Дед глубоко затянулся, выдул густой сизый дым в прохладный воздух поздней осени, от чего тот казался еще гуще, и ответил:
– Только пьянство. С молодости, и до конца жизни у нас все пьют. Тут никогда не было никаких развлечений. Никто и не хотел в принципе ничего менять. Однажды приезжал к нам из далекого города молодой парень. Привез целую кучу книг, настольных игр, и прочего хлама, хотел нас лечить от алкоголизма. Когда мы знатно проржались, местный глухонемой, его так и звали, Глухонемой, с мычанием выхватил вилы, проткнул бедолагу на вылет, и поднял над собой. Пока все кишки не вытряс из него, не успокоился.
– Ну да, он же ничего не слышит, работает до последнего. – сказал я.
– Как водится мы его тоже помянули, ну этого, который за трезвость нас учил. – сказал Дед – По правилам всем, сколотили гроб, помыли, собрали внутрь все что осталось от его кишок, да и положили в деревянный ящик. Даже попа из дальней деревни позвали, отпели в общем. А затем так напились, что Глухонемой, огорченный своим непристойным поведением, полоснул себя по горлу прямо над гробом покойника, залил все кровью, да и свалился прямо на него. Хоронили обоих в одном гробу. Поп уже не в состоянии был отпеть второго, пришлось так закопать.

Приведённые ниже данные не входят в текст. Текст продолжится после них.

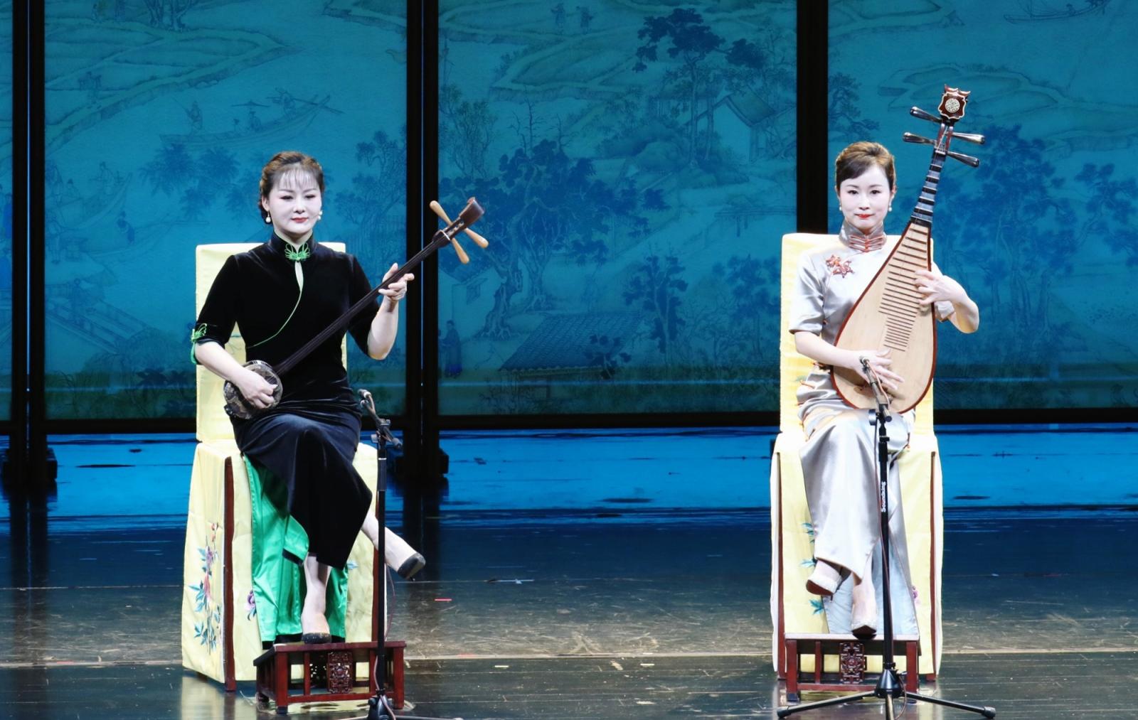 几扇山水屏风分立掩映,光影朦胧,琵琶拨响。“上有呀天堂,下有呀苏杭”,吴侬软语唱起“正月里梅花开,二月里玉兰放”的胜景,一段大九连环《姑苏好风光》百转千回,把江南的诗意柔情送到了观众的眼前耳畔。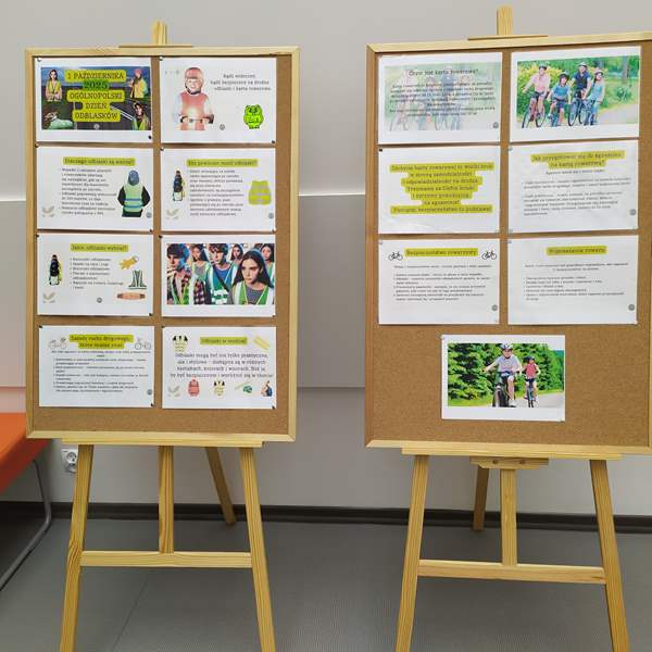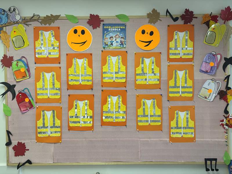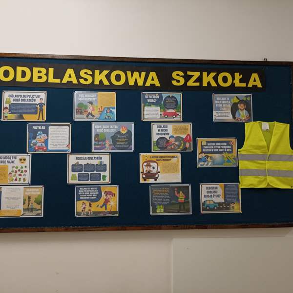 - W klasach i na korytarzach pojawiły się gazetki ścienne z hasłem „Odblaskowa Szkoła”.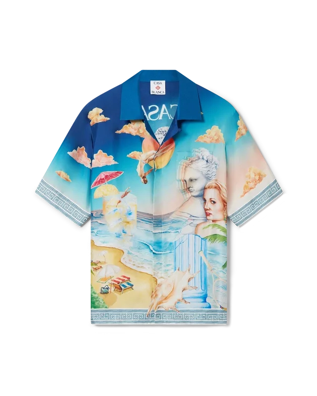 Das Seidenhemd „Le Plongeon“ ist ein kurzärmeliges Modell mit durchgehendem Druck, gefertigt aus Seidentwill mit dem saisonalen Print des Hauses. Es ist inspiriert von der fortwährenden Auseinandersetzung mit der klassischen Schönheit und dem zeitgenössischen Charme des antiken Griechenlands und integriert die Designelemente des Hauses. Abgerundet durch die charakteristischen Corozo-Knöpfe mit dem ineinander verschlungenen CC-Logo, einen Knopfverschluss, einen kubanischen Kragen und eine Brusttasche.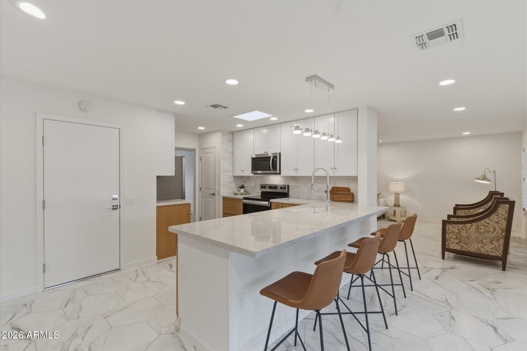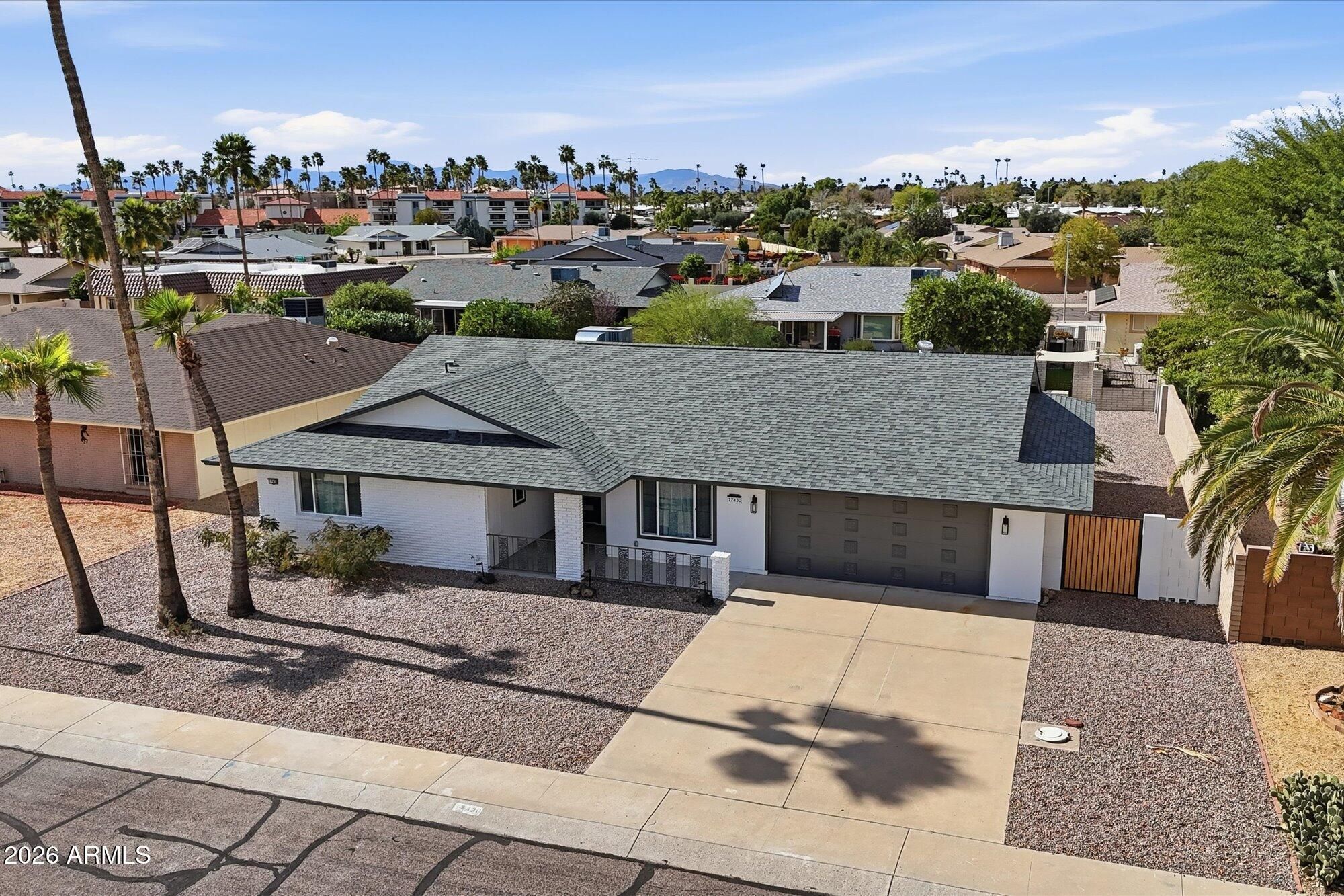 Extensively remodeled 2025-2026 in PH 3 of Sun City, this move-in ready 2-bed, 2-bath home delivers quality, comfort, and carefree 55+ living. New roof, skylight, heat pump, with warranties, dual-pane windows, added insulation, updated plumbing and lighting throughout. Quartz kitchen with custom cabinetry, new stainless appliances, and beverage bar. Marble bath counters, comfort-height vanities, custom step-in tile showers with rainfall heads and handhelds. Porcelain tile floors-no carpet, no popcorn, no shortcuts. Walk-in closets, screened patio, block-enclosed yard, flexible laundry/den, and 2-car garage. Close to golf, recreation centers, and amenities that make Sun City one of AZ's premier 55+ communities. Just unpack and enjoy the lifestyle you've earned. Owner/Agent IMPROVEMENTS Oct 2025 - Feb 2026: - New roof, underlayment, skylight - New Heat Pump Pkg (AC and heat) 4 ton, 14 SEER, partial ductwork - New dual pane windows, sliders with integral blinds, fire rated garage door. - New attic insulation - New outlets, switches, USB ports, lighting - All new porcelain tile flooring - New baseboards, door casing - New interior doors, hinges and hardware - New kitchen cabinets, quartz counters, sink, faucet, disposal - New toilets, sinks, faucets, interior water lines -All new appliances including stackable laundry center and utility sink. - New paint inside and out - Permitted block wall add for fully enclosed backyard - Home warranty included This nearly new home is ready for you!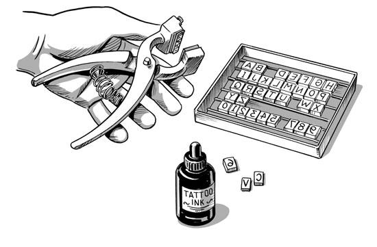 Tattoo set. If you plan to enter your rabbits in shows, they need an identifying number or letters in the left ear. And even if you don’t show, after you raise a few rabbits you will find no better way to keep track of who’s who in the herd. I prefer the pliers type, but you can also buy one that is battery-operated. If you don’t have room for a table in your rabbitry, you can make a shelf that folds down from the wall and use that for tattooing.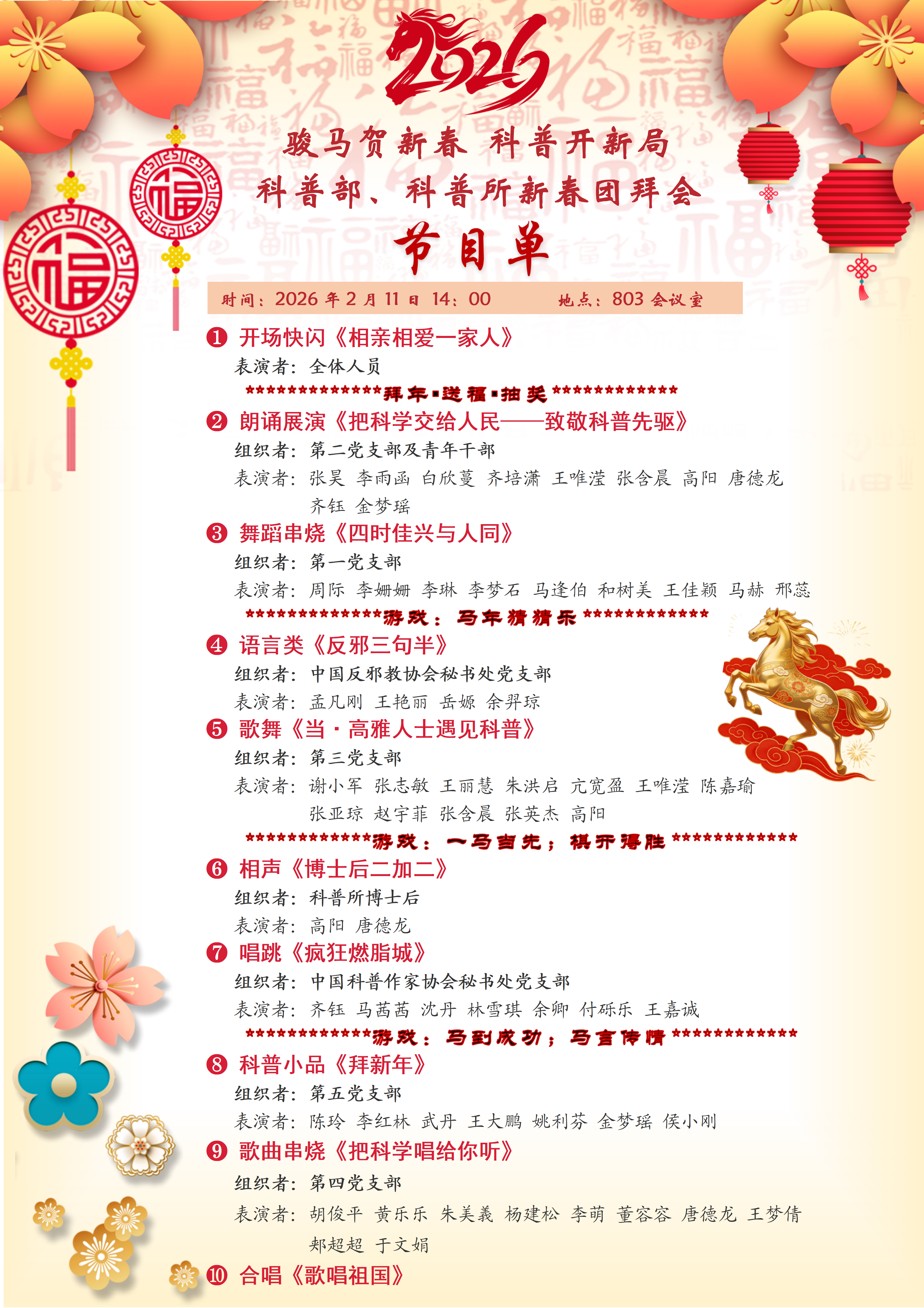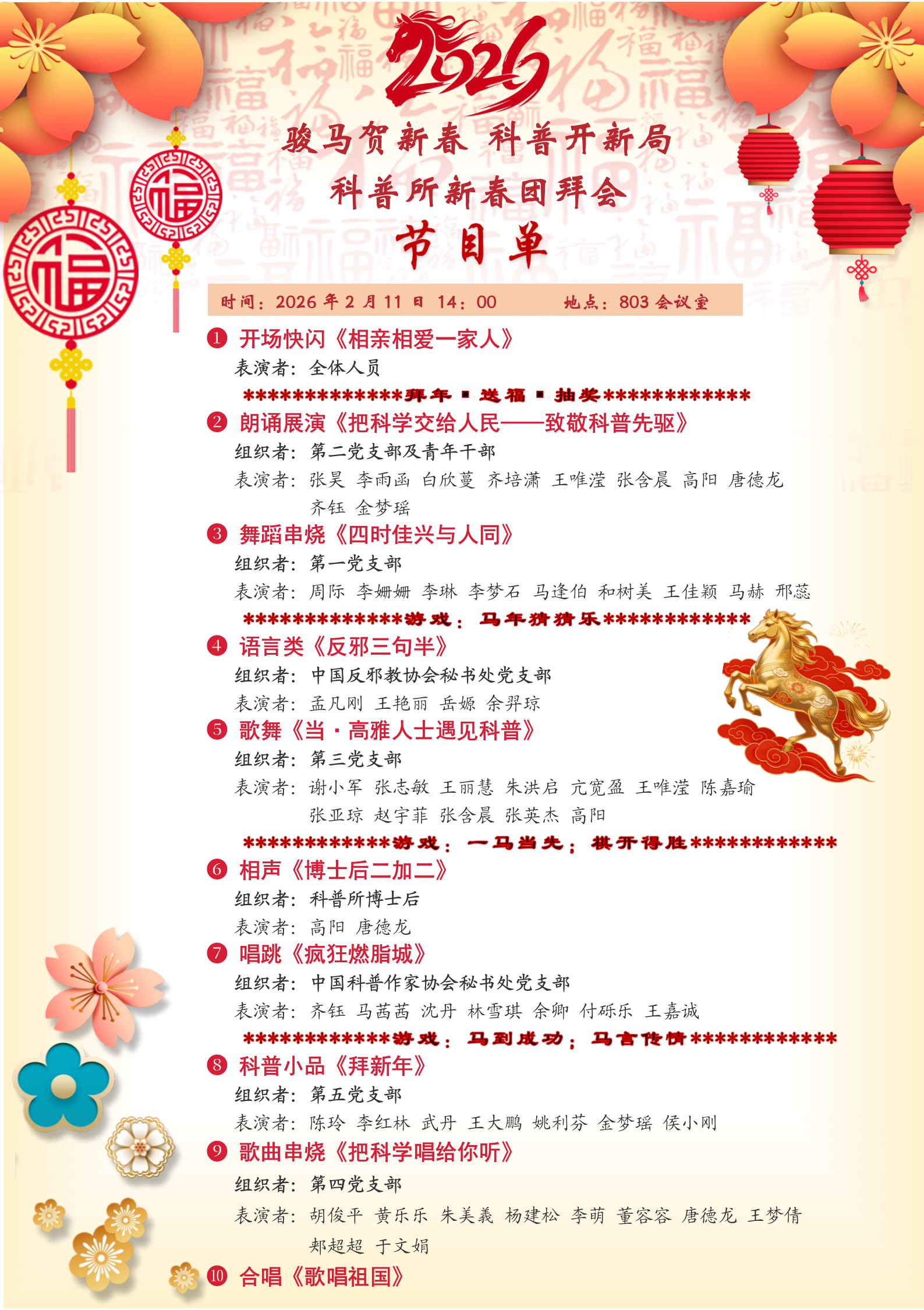 此次新春团拜会充分展现了科普所团结奋进、勇于创新的精神风貌,进一步鼓舞全体职工坚守初心、勇担使命,一如既往当好新时代的奋斗者、实干家。2026年,科普所将持续开展更多形式多样、内容丰富的文体活动,不断丰富职工精神文化生活,切实提升职工的幸福感和获得感,为推动科普事业高质量发展注入更强动力。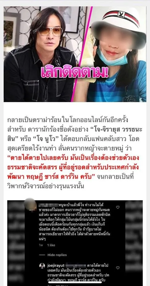 โดย โจ นูโว ได้เข้ามาตอบกลับคอมเมนต์ดังกล่าวว่า “ตายได้ตายไปเลยครับ มันเป็นเรื่องต้องช่วยตัวเองธรรมชาติจะคัดสรร ผู้ที่อยู่รอดสำหรับประเทศกำลังพัฒนา ทฤษฏี ชาร์ส ดาร์วิน ครับ”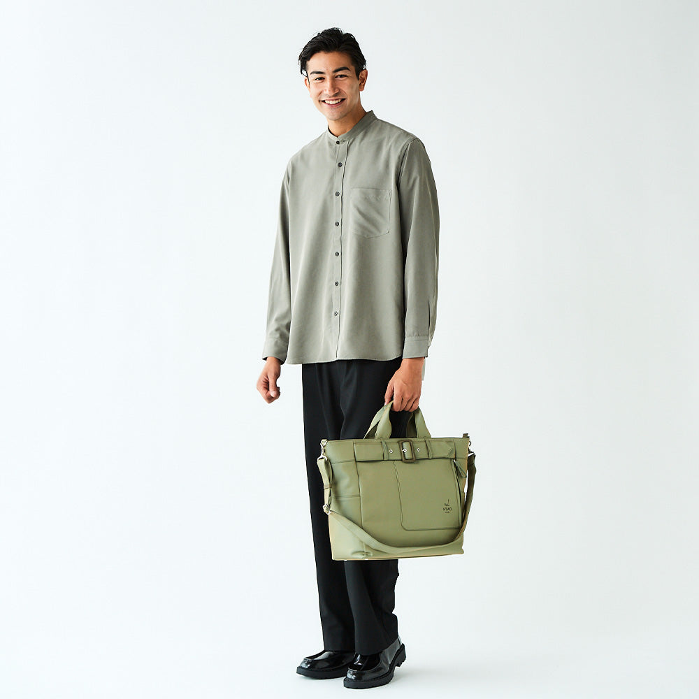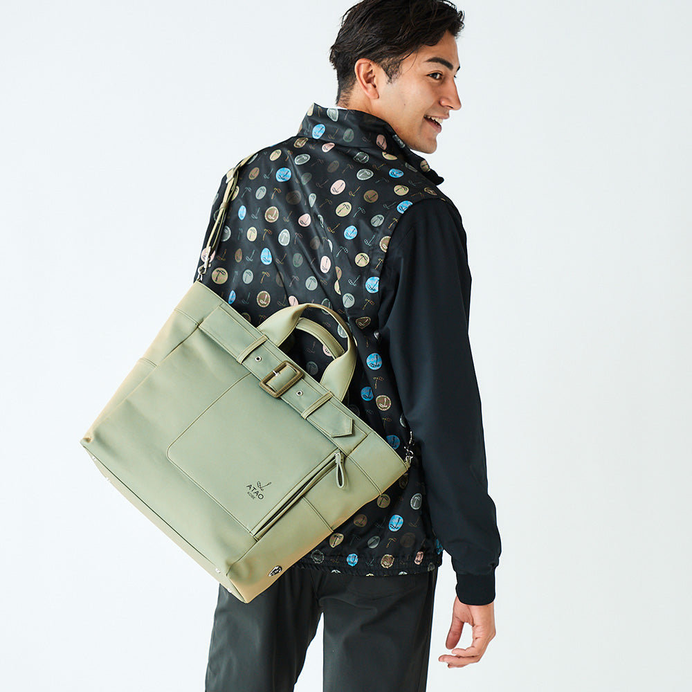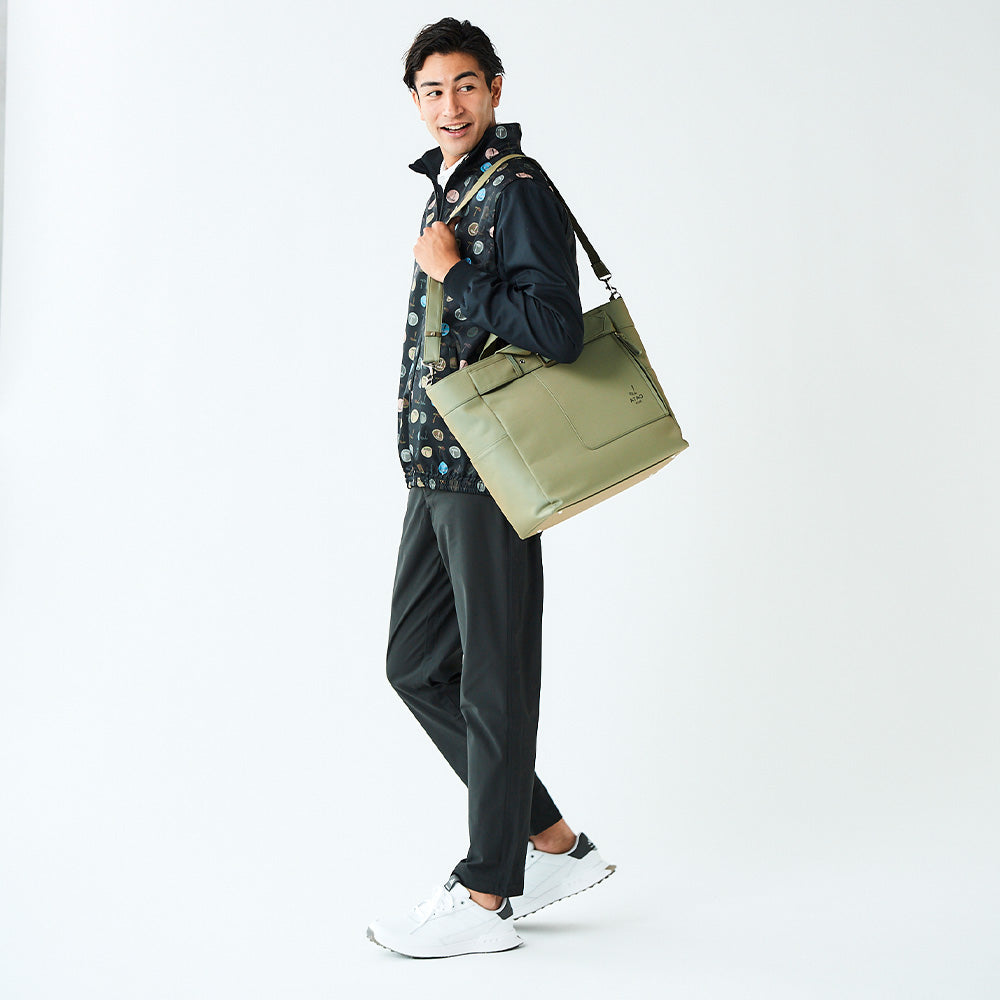 ベーシックカラーがタウンユースにも最適なJAPANクオリティの「トレンチ ロッカートート」。レザーがポイントのフロントベルトに加え、ガンフラップモチーフのポケットには、神戸ファッションとイギリスの伝統を調和したコレクションであることを意味するメッセージが添えられています。ドリンクホルダーやキーパーツの便利なギミックに加え、高さにゆとりを持たせた大容量のサイズ感は、ゴルフバッグの他、ショートステイのご旅行にもオススメ。ゴルフをする人のみならず日常シーンに取り入れていただきたい撥水トートバッグです。

– Всякое бывает. – спокойно сказал я.
– Короче, как ты уже понял, кроме похорон, праздников у нас больше и нет. Деваться некуда. Это наша своеобразная усмешка смерти, она нас забирает потихоньку, а мы с задором подмахиваем ей. – пояснил дед, и усмехнувшись сделал затяжку.
Я тем временем закурил тоже. Горький дым ненастоящих сигарет, с химическим табаком, вперемешку со свежим воздухом, мгновенно вызвал у меня приступ удушья, я начал так сильно кашлять и отхаркиваться, что и сам почувствовал себя немного Дедом. Затем все улеглось, и пошло как по маслу, как и должно было быть, сигареты по-прежнему убивали меня.
На удивление не все дома были деревянными, некоторые были исполнены из белого кирпича, однако совершенно странным образом. Нет, я конечно не строитель, однако кирпичи были положены в кладке стен набок, то есть две цилиндрические пустоты смотрели прямо наружу, от чего, в них наверняка находили свое жилище полчища мерзких пауков, ос, и прочей живности. Я тут же заметил это на диктофон, пробормотав это в свой карман.
– Что ты там бубнишь сам себе К.? – поинтересовался со смехом Дед. – Сдурел, что ли?
– Да нет, это я просто делаю голосом заметки на диктофон, лень руками писать.
– Диктофон? – удивился Дед.
– Ну да в общем-то. – ответил я.
– Это что, по типу радио? – спросил Дед, и попытался мне в карман передать привет своим внукам.
– Извини, Дед, это так не работает, он просто пишет и все. – пояснил я старику.
Он все так же усмехнулся, и сделав горькую затяжку, выбросил окурок под ноги, и с чертыханием выкашлялся как следует. Часть его мерзкой мокроты даже попала на мои ботинки.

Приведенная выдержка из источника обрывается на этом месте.